Cuando entró al cuarto donde ella descansaba, tapada con una cobija gris, ella lo miró… y por primera vez en meses, sonrió con los ojos llenos de lágrimas.
—Mi niño… por fin.
Martín no entendía nada. La garganta hecha nudo.
—¿Me conoce?
—Sí, mijo… soy tu madre. A mí me dieron por muerta… pero yo nunca dejé de buscarte.
Martín se quedó de piedra.
Frente a él estaba la mujer que durante meses había alimentado sin saber quién era. Una viejita a la que nadie miraba. Una sombra más entre tantas en la ciudad.
Y ahora… ella le decía que era su madre.
—Pero… ¿cómo? ¿Por qué? —fue lo único que logró decir, con la voz quebrada.
Ella trató de incorporarse, pero el cuerpo no le respondía. Tenía los ojos llorosos, pero también llenos de alivio.
—Yo tenía 17 cuando me quedé embarazada de ti… Tu abuela no quiso saber nada. Dijo que era una vergüenza. Que yo era una mocosa que arruinó su vida.
Martín apretó los puños. Nunca conoció a sus padres. Lo adoptaron cuando tenía apenas un año. Siempre le dijeron que su madre había muerto en el parto.
—Me obligaron a firmar unos papeles en el hospital. Me dijeron que era lo mejor. Que tú estarías mejor sin mí.
—Pero… ¿por qué no me buscó?
Ella bajó la mirada.
—Lo hice, mijo. Durante años. Pero no me dejaron saber ni a dónde te llevaron. Yo me fui quedando sin nada. Sin trabajo, sin casa. Terminé en la calle… pero nunca me fui del todo. Me quedé cerca del barrio donde supe que te habían llevado.
Silencio.
Martín sentía un nudo en el pecho, como si una vida entera mal entendida se le estuviera cayendo encima.
Y entonces recordó algo.
De niño, siempre soñaba con una mujer que le cantaba en la oscuridad. Una tonadita rara, como de cuna, pero que nunca pudo encontrar en ningún lado.

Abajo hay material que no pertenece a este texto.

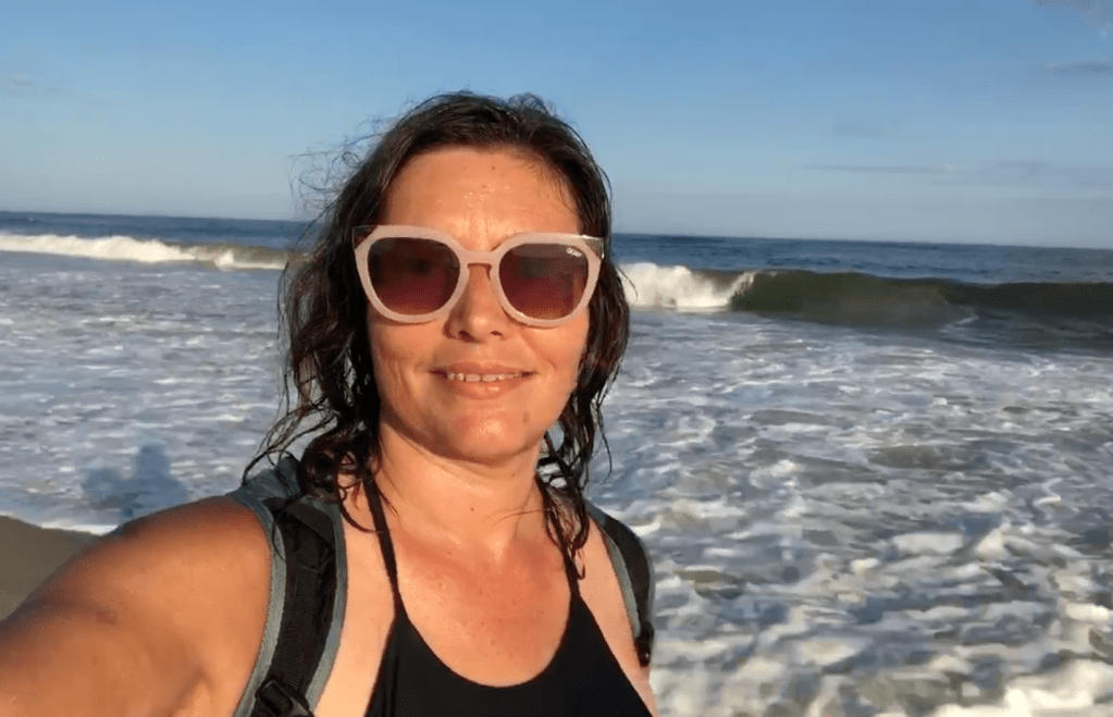 As I walked along, the foamy ocean tide washed over my feet. It was just the right temperature, and in the 70’s, so I knew I had to go for a swim.
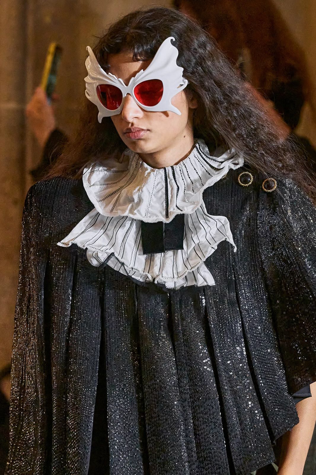 Halloween 2023 is coming soon. At least once a year, it can be fun to chase away the fear by dressing up - whether it's trick-or-treating in the neighbourhood or staying home and stuffing your face with sweets in front of Netflix with family, friends and roommates. To find the right inspiration and spice up our costume style, just take a look at the latest Fashion Months. Brands and designers love to explore the dark side of fashion, bringing intriguing veiled tangueros to the runway like Maison Margiela in its SS21 collection, romantic vampires like Louis Vuitton did in its SS22 show or Rodarte did in its FW20 show, ethereal aliens like Haider Ackermann, creepy red-eyed freaks like Balenciaga or witches with silver hair like Erdem.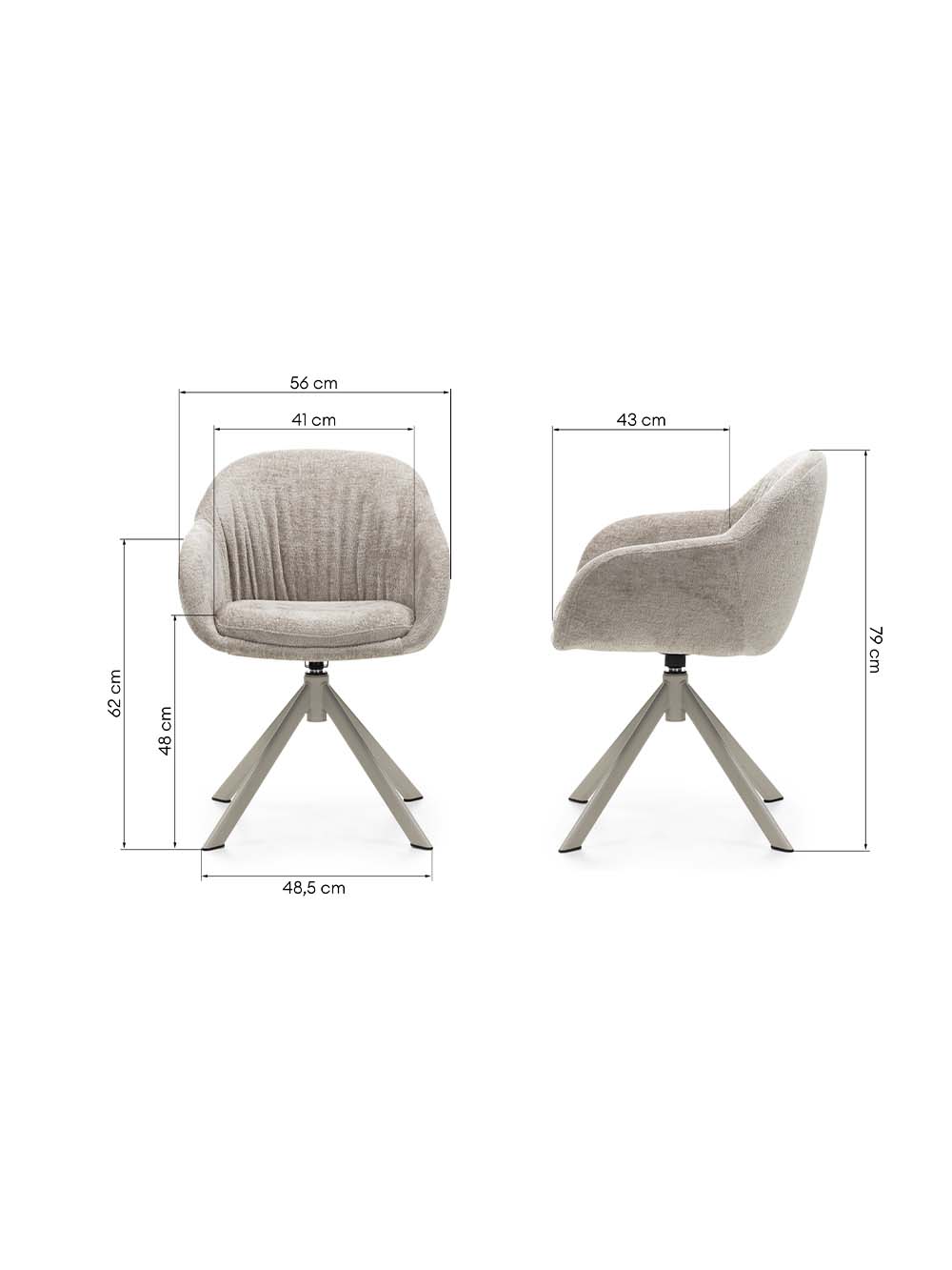 Išoriniai baldo matmenys: plotis / gylis / aukštis, cm: 56 / 48,5 / 79.

Y la escuchó otra vez, ahí mismo.
Ella comenzó a cantarla, despacito, casi como un susurro:
“Duérmete, mi sol, que el mundo es frío…
pero en mis brazos, hay calor y abrigo…”
Martín se derrumbó. Esa canción estaba enterrada en lo más profundo de su memoria. No era un sueño. Era un recuerdo.

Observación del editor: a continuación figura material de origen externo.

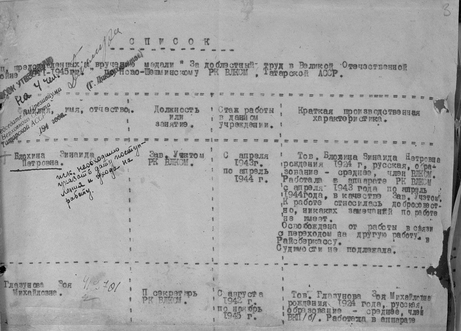 Глазунова Зоя Михайловна родилась в 1924 году. Место жительства: с.Новошешминск Чистопольского кантона ТАССР. В годы войны работала в РК ВЛКСМ вторым секретарем. Награжден медалью "За доблестный труд в Великой Отечественной войне 1941–1945 гг." (Акт от 28 апреля 1947 г, фонд 3610, опись 2, дело № 325, лист 3,№ 419701).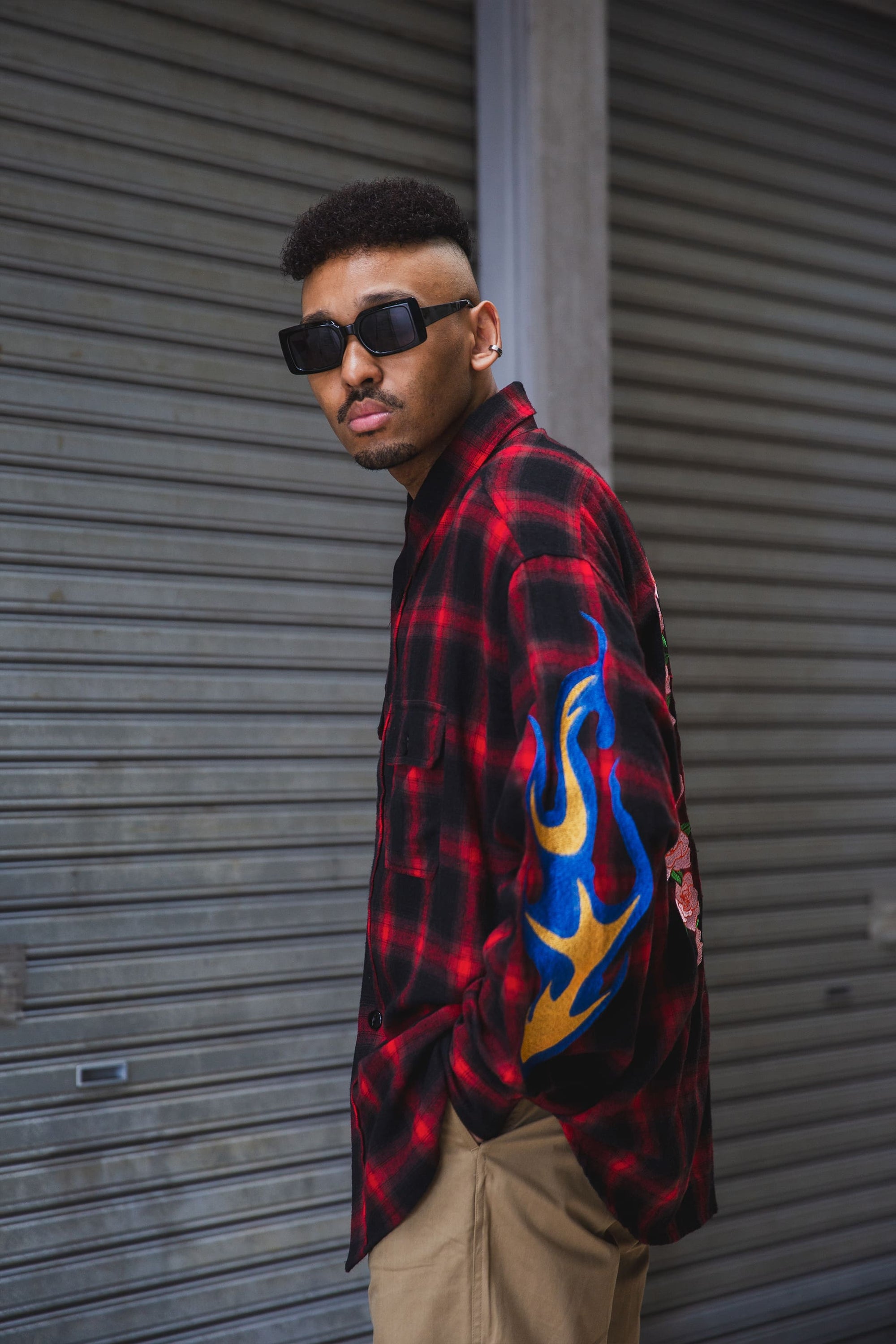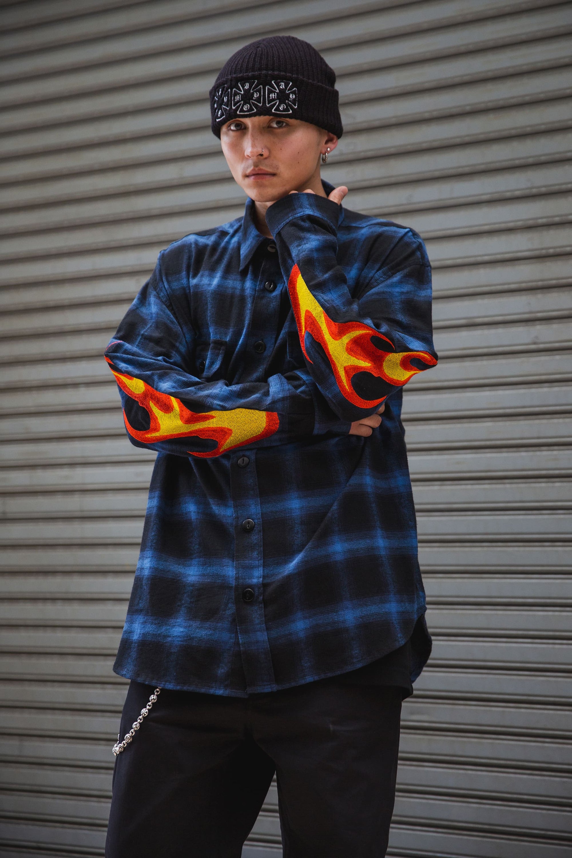 FIRE EMBROIDERY CHECK SHIRT JKT

—Yo te la cantaba cuando eras bebé… aunque fuera poquito tiempo… —dijo ella, con voz temblorosa.
Martín se acercó, le tomó la mano, y por primera vez, sintió que encajaba en algo. Que ese vacío que lo acompañaba desde siempre, por fin tenía forma, tenía nombre. Tenía rostro.
Pasaron semanas.
Martín llevó a su madre —Doña Teresa— a vivir con él. No fue fácil. No porque él no quisiera, sino porque ella se sentía como una carga, como alguien que estorbaba en un mundo que ya no era suyo.
Pero él insistió. Día tras día.
Le preparaba su cafecito con pan por las mañanas. Le ponía música viejita. La sentaba en la banqueta —pero ahora, bajo una sombrilla, con su silla de ruedas y una cobija tejida— para que viera pasar la vida desde un lugar más amable.

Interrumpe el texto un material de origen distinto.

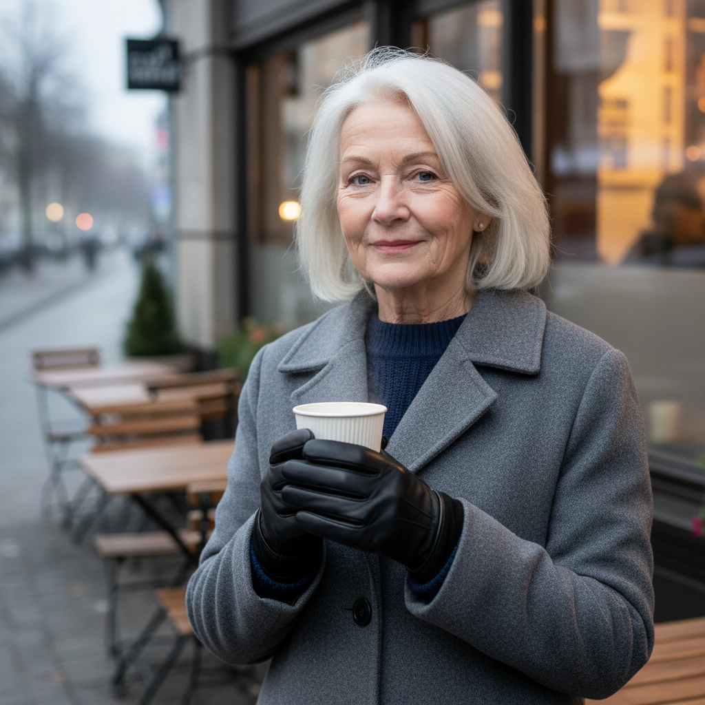 The water-repellent surface makes them a reliable companion in snow, rain, or simply on your way to work. Their classic design suits both a cosy winter stroll and a festive occasion. I wanted to create gloves that are practical, look elegant, and bring joy for many years.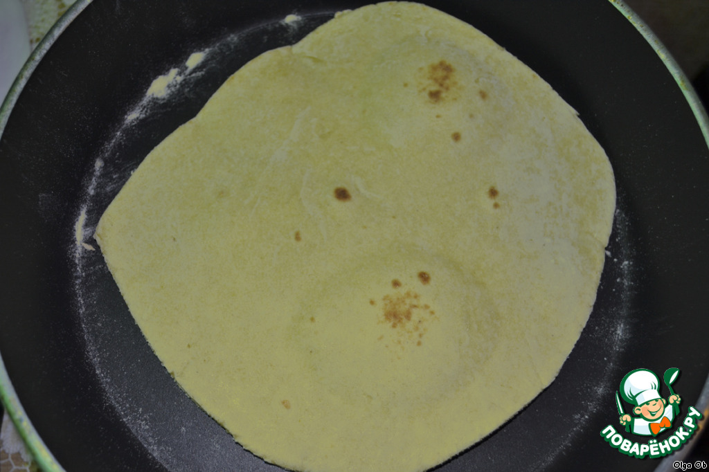 Шарики теста раскатываем и жарим на сковороде без масла. Жарятся очень быстро, буквально пару минут. Слегка румяним с каждой стороны и достаем. Сковороду нужно протереть от осыпавшейся муки перед следующей лепешкой.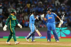 ഇന്ത്യക്ക് ഓപ്പണര് സ്മൃതി മന്ധാനയുടെ വിക്കറ്റാണ് ആദ്യം നഷ്ടമായത്. താരം 58 പന്തില് 8 ഫോറുകള് സഹിതം 45 റണ്സെടുത്തു. സെമിയില് സെഞ്ച്വറിയുമായി തിളങ്ങിയ ജെമിമ റോഡ്രിഗ്സ് മൂന്നാം വിക്കറ്റായി പുറത്തായി. താരം 24 റണ്സെടുത്തു. നാലാം വിക്കറ്റായി മടങ്ങിയത് ക്യാപ്റ്റന് ഹര്മന്പ്രീത് കൗര്. 20 റണ്സാണ് ഹര്മന് നേടിയത്.ആദ്യം ബാറ്റിങ് തുടങ്ങിയ ഇന്ത്യക്കായി മികച്ച തുടക്കമാണ് സ്മൃതി- ഷഫാലി സഖ്യം നല്കിയത്. അതിവേഗം റണ്സ് സ്കോര് ചെയ്ത സഖ്യം സെഞ്ച്വറി കൂട്ടുകെട്ടുയര്ത്തിയ ശേഷമാണ് പിരിഞ്ഞത്. സ്കോര് 104ല് നില്ക്കെയാണ് സ്മൃതിയുടെ മടക്കം. ദക്ഷിണാഫ്രിക്കയ്ക്കായി അയബോംഗ ഖക 3 വിക്കറ്റുകള് വീഴ്ത്തി. നോന്കുലുലേക മ്ലാബ, നദീന് ഡി ക്ലാര്ക് എന്നിവര് ഓരോ വിക്കറ്റെടുത്തു.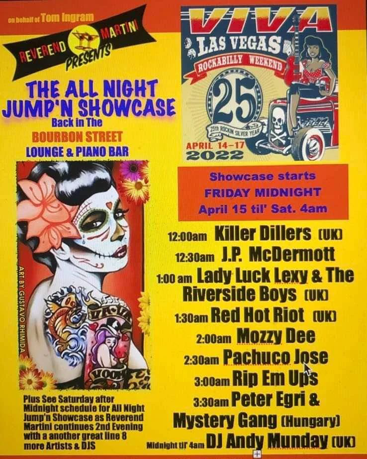Mozzy Dee has performed at Viva Las Vegas Rockabilly Weekend 21,22, 25, 26, & 27 including the Dave & Deke Hillbilly Fest & All Night Jumpin' Showcase, Walldorf Rock N Roll Weekender in Germany, Dapper Day, Goofin' Records 40th Anniversary Party in Finland, The 2023 Ameripolitan Awards, Red Hot & Blue Rockabilly Weekend in Canada, Western Swingout, Hot Rod Rock & Rumble, Mississippi Mayhem, Rockin' Route 66, Stellar Shows & Deke Dickerson's Barn Dance Boogie and more!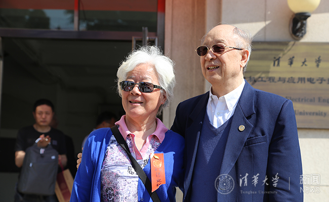 1967届校友与电机系原系主任韩英铎院士合影。陈淑玲 摄

Y cada vez que le daba de comer, ella lo miraba con lágrimas suaves, y decía:
—¿Te acuerdas de cuando me dabas tortas sin saber quién era yo?
Y él sonreía:
—Sí… pero ahora saben mejor.
Martín no necesitaba respuestas. No quería culpas. Solo quería tiempo. Tiempo para conocerla, para curar esas heridas que nadie ve, pero que cargan como costales de piedra.
Y ella, cada que lo miraba, sentía que la vida, tan dura y tan cruel, todavía sabía dar segundas oportunidades.
A veces creemos que ayudamos a otros por compasión…
Pero la vida siempre tiene formas misteriosas de regresarnos al lugar donde pertenecemos.
Y a veces, ese lugar… está justo al lado de una banqueta olvidada.